A major obstacle to understanding Montserrat’s sugar industry and the often-contentious social dynamics that accompanied it has been the absence of a comprehensive study of the small Caribbean island’s plantation-era cultural landscape. We employ a multi-scalar approach, combining archival research and archaeological survey data, to trace the island’s shifting socio-cultural composition and fluctuating sugar industry over the course of two centuries (ca. 1650–1850). Adopting an island-wide perspective on the interpretation of Montserrat’s plantation-era remains, we expand the breadth and depth of understandings about the island’s sugar society through comparative, multi-sited analyses. Our findings underscore the importance of extending Caribbean plantation studies beyond individual estates.

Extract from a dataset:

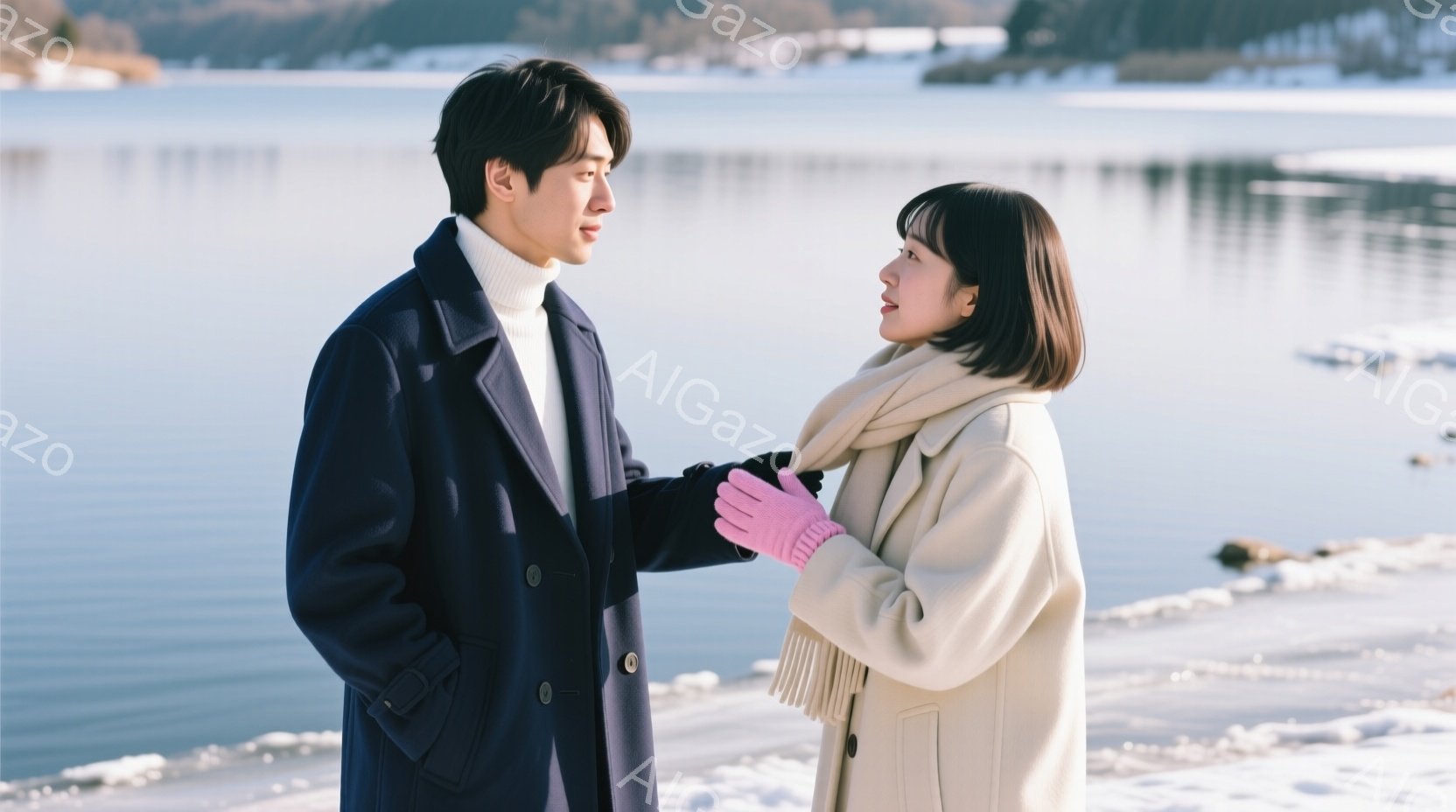 紺色のコートを着た男性と、白いコートを着た女性が並んで立っています。男性は女性の肩に手を置き、二人とも穏やかな表情で互いを見つめ合っています。背景には、氷点下の湖と雪を頂いた山々が広がり、静かでロマンチックな雰囲気を醸し出しています。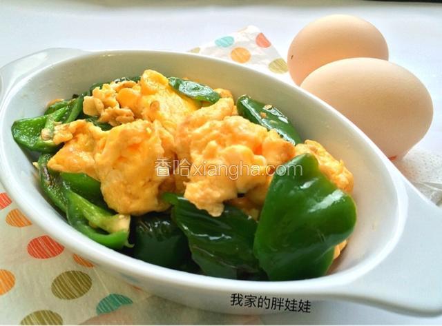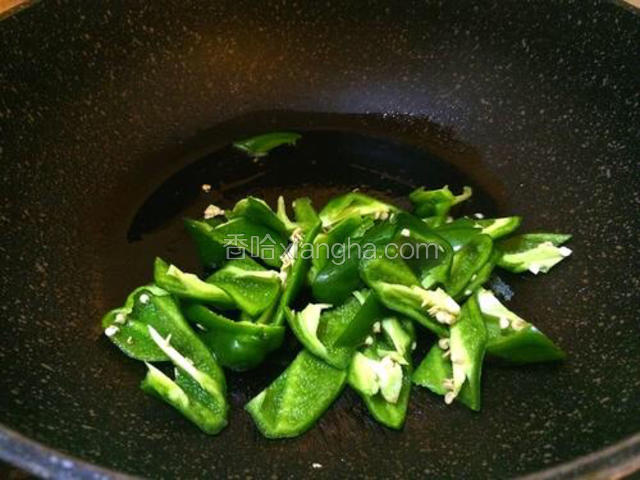 6.热锅里再次倒入少许油,然后倒入尖椒

Montserrat Sugar plantations British Caribbean Archaeological survey 



We thank Steve Lenik and Christer Petley for inviting us to contribute an earlier version of this paper to a session at the 2013 Society for Historical Archaeology conference in Leicester, UK. We are grateful for earlier contributions and maps that Luke J. Pecoraro provided for the conference version of this paper, as well as the feedback from Mark Hauser and another anonymous reviewer of this article submission. Fieldwork has been made possible through funding from the National Endowment for the Humanities Collaborative Research program (Grant RZ-51674-14), the Joukowsky Institute for Archaeology and the Ancient World at Brown University, the National Geographic Society Waitt Family Foundation (Grant W86-10), the National Geographic Society Committee for Research and Exploration (Grant 9610–14), and Wayne State University. We wish to thank Lady Eudora Fergus and Mrs Sarita Francis OBE (past and current Directors of the Montserrat National Trust) for their support of our work on the island. We are likewise appreciative to all those who have participated on the SLAM project over the past several years, particularly Douglas C. Anderson, Emanuela Bocancea, and Thomas P. Leppard, who have dedicated multiple years of fieldwork to the project. Lastly, for sharing their own research and for practical assistance, we are indebted to Mary Beaudry, Lydia Pulsipher, Jessica Striebel MacLean, Conrad Mac Goodwin, Laura McAtackney, Luke J. Pecoraro, and Casey Pecoraro.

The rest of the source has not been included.